WHAT YOU WILL DO:
Take the material below and output exactly the run of lines from the one containing "Step outside to" down to the one containing "Kit Teclado de", with both included.

THE DATA:
********************

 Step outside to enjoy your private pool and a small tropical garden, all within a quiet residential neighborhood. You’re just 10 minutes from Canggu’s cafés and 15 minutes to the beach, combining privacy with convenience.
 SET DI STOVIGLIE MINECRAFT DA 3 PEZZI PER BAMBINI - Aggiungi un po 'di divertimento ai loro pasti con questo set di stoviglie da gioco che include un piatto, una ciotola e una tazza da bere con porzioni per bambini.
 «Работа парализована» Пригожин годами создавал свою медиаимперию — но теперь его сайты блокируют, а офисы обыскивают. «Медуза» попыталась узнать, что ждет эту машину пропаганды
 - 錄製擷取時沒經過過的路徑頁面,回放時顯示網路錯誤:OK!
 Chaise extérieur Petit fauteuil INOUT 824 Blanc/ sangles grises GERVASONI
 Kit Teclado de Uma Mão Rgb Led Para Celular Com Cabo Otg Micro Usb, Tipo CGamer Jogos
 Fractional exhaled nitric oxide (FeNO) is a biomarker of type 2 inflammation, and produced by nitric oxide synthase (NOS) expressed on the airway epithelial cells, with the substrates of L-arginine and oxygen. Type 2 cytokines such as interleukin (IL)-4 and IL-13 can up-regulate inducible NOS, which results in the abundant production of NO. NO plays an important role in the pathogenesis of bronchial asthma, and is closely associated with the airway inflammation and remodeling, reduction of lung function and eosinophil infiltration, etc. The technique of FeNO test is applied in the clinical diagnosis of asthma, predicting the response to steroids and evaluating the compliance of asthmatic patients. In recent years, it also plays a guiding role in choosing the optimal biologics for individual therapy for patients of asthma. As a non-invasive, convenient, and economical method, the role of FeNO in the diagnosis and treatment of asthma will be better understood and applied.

********************

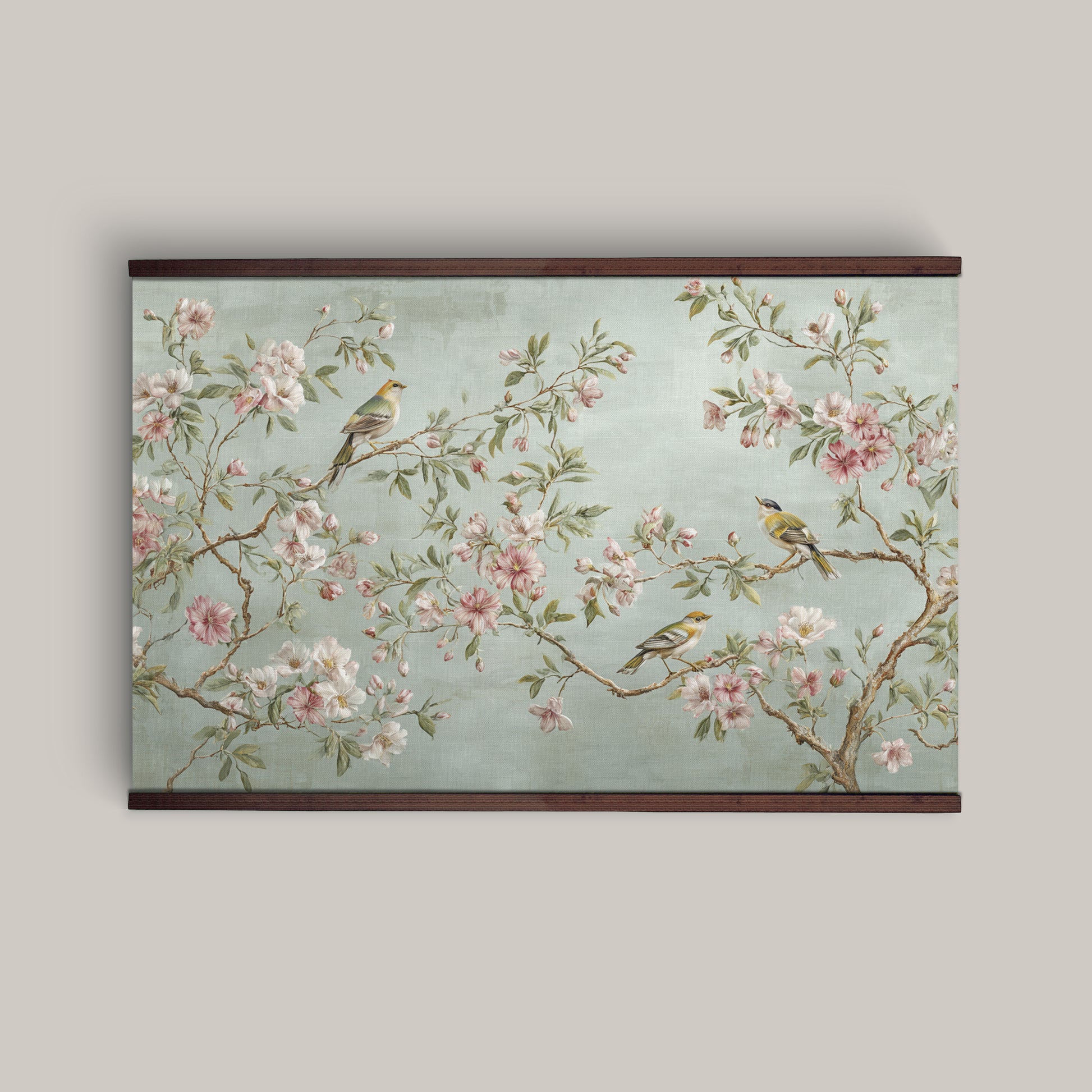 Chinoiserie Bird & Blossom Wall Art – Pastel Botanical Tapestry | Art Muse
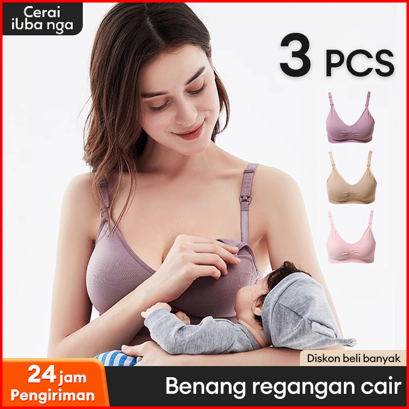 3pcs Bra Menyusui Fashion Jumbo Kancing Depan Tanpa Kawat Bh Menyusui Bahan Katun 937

********************

PROBLEM SOLUTION:
 Step outside to enjoy your private pool and a small tropical garden, all within a quiet residential neighborhood. You’re just 10 minutes from Canggu’s cafés and 15 minutes to the beach, combining privacy with convenience.
 SET DI STOVIGLIE MINECRAFT DA 3 PEZZI PER BAMBINI - Aggiungi un po 'di divertimento ai loro pasti con questo set di stoviglie da gioco che include un piatto, una ciotola e una tazza da bere con porzioni per bambini.
 «Работа парализована» Пригожин годами создавал свою медиаимперию — но теперь его сайты блокируют, а офисы обыскивают. «Медуза» попыталась узнать, что ждет эту машину пропаганды
 - 錄製擷取時沒經過過的路徑頁面,回放時顯示網路錯誤:OK!
 Chaise extérieur Petit fauteuil INOUT 824 Blanc/ sangles grises GERVASONI
 Kit Teclado de Uma Mão Rgb Led Para Celular Com Cabo Otg Micro Usb, Tipo CGamer Jogos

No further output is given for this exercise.